Très excellent prince, nostre très redoubté
et souverain seigneur et père, nous avons de nouvel entendu
que en vostre puissance est rendue à présent ceste
femme dicte la Pucelle, dont nous sommes moult joyeux, confians
que par vostre bonne ordenance, sera icelle femme mise en justice
pour réparer les grans maléfices et escandes advenus
notoirement en ce royaume à l'occasion d'icelle, ou grant
préjudice de l'onneur divin, de nostre sainte foy et de tout
vostre bon peuple. Et pource qu'il nous appartient singulièrement,
selon nostre profession, extirper telles iniquitez manifestes, mesmement
quant nostre foy catholique est en ce touchée, nous ne povons
ou fait d'icelle femme dissimuler la longue retardation de justice
qui doit desplaire à chacun bon chrestian, et mesmement à
Vostre royal Majesté plus que à nul autre, pour la
grant obligacion que vous devez à Dieu en cognoissant les
haulx biens, honneurs et dignitez qu'il a ottroyez à vostre
excellence. Et combien que sur nous ayons par plusieurs fois escript
et ancores à présent, nostre très redoubté
et souverain seigneur et père, en proposant tousjours très
humble et loyal recommendacion à ce que ne soions notez de
négligence aucune en si favorable et nécessaire matière
: Nous supplions très humblement, et en l'onneur de nostre
Sauveur Jhésuschrist, déprions très acertes
vostre haulte excellence, que icelle femme vous plaise ordener estre
mise briefment ès mains de la justice de l'Église,
c'est-à-dire de révérent père en Dieu
nostre honoré seigneur l'évesque et conte de Beauvais,
et aussi l'inquisiteur ordené en France, ausquelz la cognoissance
des meffaiz d'icelle appartient espécialement en ce qui touche
nostre dicte foy, afin que par
voie de raison soit faicte discucion convenable sur les charges
d'icelle, et telle réparacion comme au cas appartiendra,
en gardant la sainte vérité de nostre foy, afin que
par voie de raison soit faicte discucion convenable sur les charges
d'icelle, et telle réparacion comme au cas appartendra, en
gardant la sainte vérité de nostre foy, et mettant
toute erreur faulse et scandaleuse opinion hors des courages de
vos bons, loyaulx et chrestians subgez. Et nous semble moult convenable,
se ce estoit le plaisir de vostre haulttesce, que ladite femme fust
amenée en ceste cité pour faire son procès
notablement et seurement ; car par les maistres, docteurs et autres
notables personnes estans pardeça en grant nombre, seroit
la discucion d'icelle de plus grant réputacion que en autre
lieu ; et si est assez convenable que réparacion desdiz escandes
soit faite en ce lieu, ouquel les faits d'icelle ont été
divulgués et notoires excessivement. Et en ce faisant gardera
Vostre royal Majesté sa grant loyauté envers la souveraine
et divine Majesté ; laquelle vueille octroyer à vostre
excellence prospérité continuelment, félicité
sans fin. Escript à Paris, en nostre congrégacion
générale solennelment célébrée
à Saint-Mathurin, le XXIe jour de novembre, l'an mil CCCC.XXX.

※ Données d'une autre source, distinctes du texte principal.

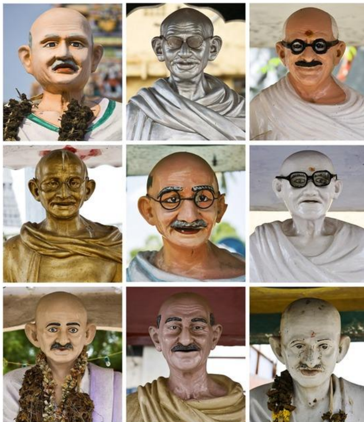
Vivek Vilasini, 'Vernacular Chants II', 2007. Composite photograph, 37.5 x 33 inches.

In a short text from 1928 titled “Against the Synthetic Portrait, For the Snapshot”, Russian constructivist Alexander Rodchenko rejected the growing desire among artists to memorialize Lenin in a single iconic image, preferring instead the unstable composite portrait of the revolutionary leader that would emerge from a collection of snapshots. Vivek Vilasini’s Vernacular Chants II (2007), a critique of Gandhi as icon in postcolonial India, espouses a similar ethos. A 3 by 3 array of straightforward frontal photographs of the head and shoulders of commemorative statues of Gandhi from across India, Vilasini’s piece challenges the lure of the icon at the level of both apparatus and image. Though typologically similar, the individual statues vary greatly in materials, style and sophistication. By foregrounding photography’s inherent reproducibility and highlighting difference through repetition, Vilasini’s composite privileges the copy over the original, shattering the idealized, iconic Gandhi and distributing his saintly aura across the many similar but distinct representations. And by privileging vernacular interpretations over State-sanctioned heroic representations Vilasini’s portrait rejects the latter as an appropriate mode for memorializing Gandhi. What emerges in the place of an icon is instead a sociological portrait of India, each statue reflecting the political allegiances, economic means and vernacular aesthetics of the community that sponsored it.

Vostre très humble et très dévote fille : l'Université
de Paris." Sic signata : HEBERT."
Notes
:
Source : E. O'Reilly - Procès de Jeanne d'Arc
- tome II - 1868
Texte original.
1 L'orthographe
d'époque est copiée textuellement.
Illustrations :
Sceau du roi Henri VI (tiré d'un acte de 1430 conservé
aux archives de France. Ses pieds portent sur deux lions. La devise
latine signifie "Henri par la grâce de Dieu roi de France
et d'Angleterre".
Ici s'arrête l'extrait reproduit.